Thursday, December 13, 2012

Spatial Analysis of Surnames

Today I'd like to present research of Dr. James Cheshire from UCL (University College London) who works there as a Lecturer for Advanced Spatial Analysis and Visualization.

He has spent the last few years investigating the geography of family names (also called surnames). He works with the team who assembled the UCL Department of Geography Worldnames Database that contains the names and geographic locations of over 300 million people in nearly 30 countries (a few of these are yet to be added to the website). His research has focussed on the 152 million or so people they have data for in Europe and they all come from publicly available telephone directories or electoral rolls. He also had access to a historical dataset for Great Britain in the form of the 1881 census.  He has tried to answer two questions:

1. Is it possible to approximately establish the origin of a surname based on its modern day geographic distribution?

2. Are particular surnames more likely to be found together and if so do they form distinct geographic regions?

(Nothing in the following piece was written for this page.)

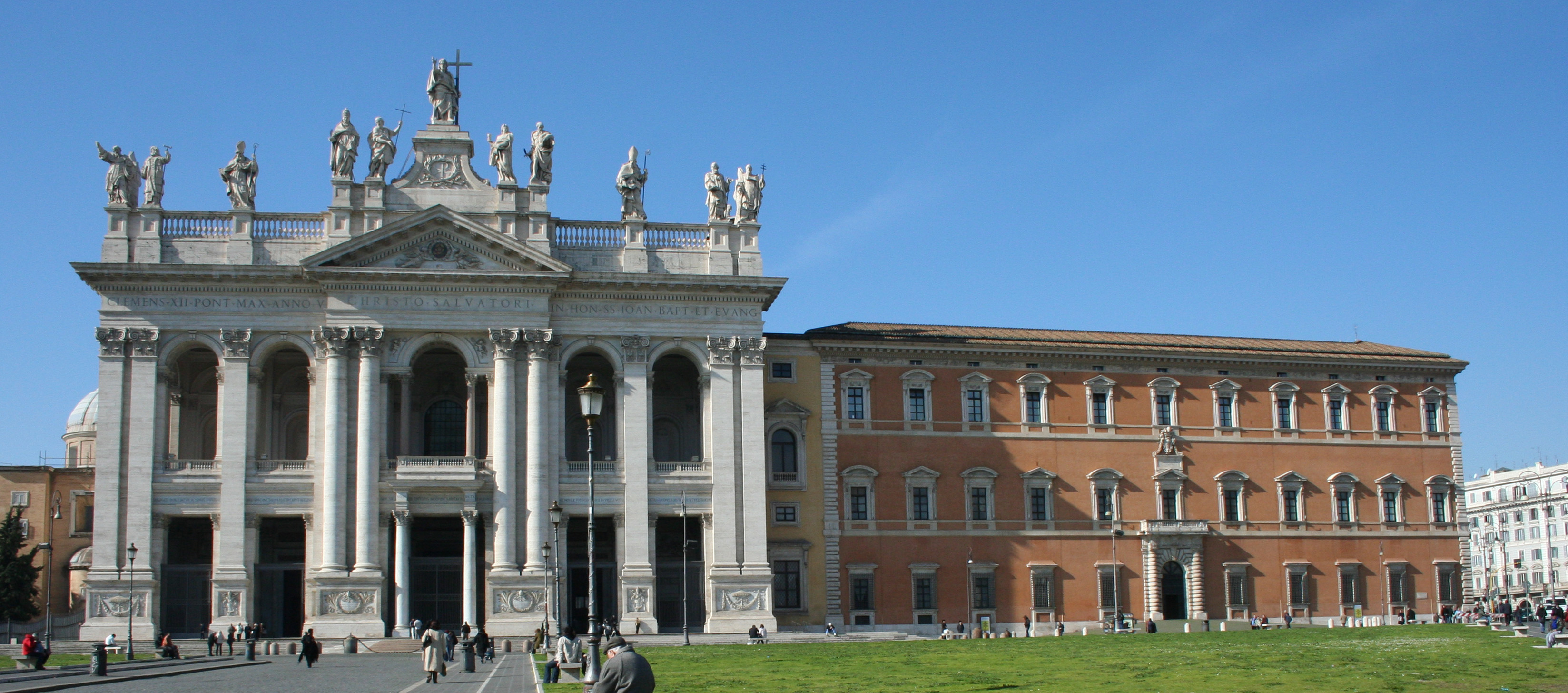 Basilica and Palace of St John Lateran, Rome, Italy

In the past surname research has involved  lot of manual work to create a detailed history of a particular name. With so many surnames in the database he had to think of some automated ways to do this computationally. The patterns he produces are much more generalised than the manual work- he finds broad patterns rather than specific genealogical facts- but they provide useful context for population genetics, migration, historical geography and demography. If you want to find out more about this research here are titles for the papers he had published in academic journals:

The Surname Regions of Great Britain.

Creating a Regional Geography of Great Britain Through the Spatial Analysis of Surnames.

Identifying Spatial Concentrations of Surnames.

People of the British Isles: A Preliminary Analysis of Genotypes and Surnames in a UK Control Population.

Delineating Europe’s Cultural Regions: Population Structure and Surname Clustering.

The left map of the post is from the last paper he listed and shows how the surname regions vary across Europe. The map on the right shows how confident he is of the regions based on the number of times they emerge in the cluster analysis.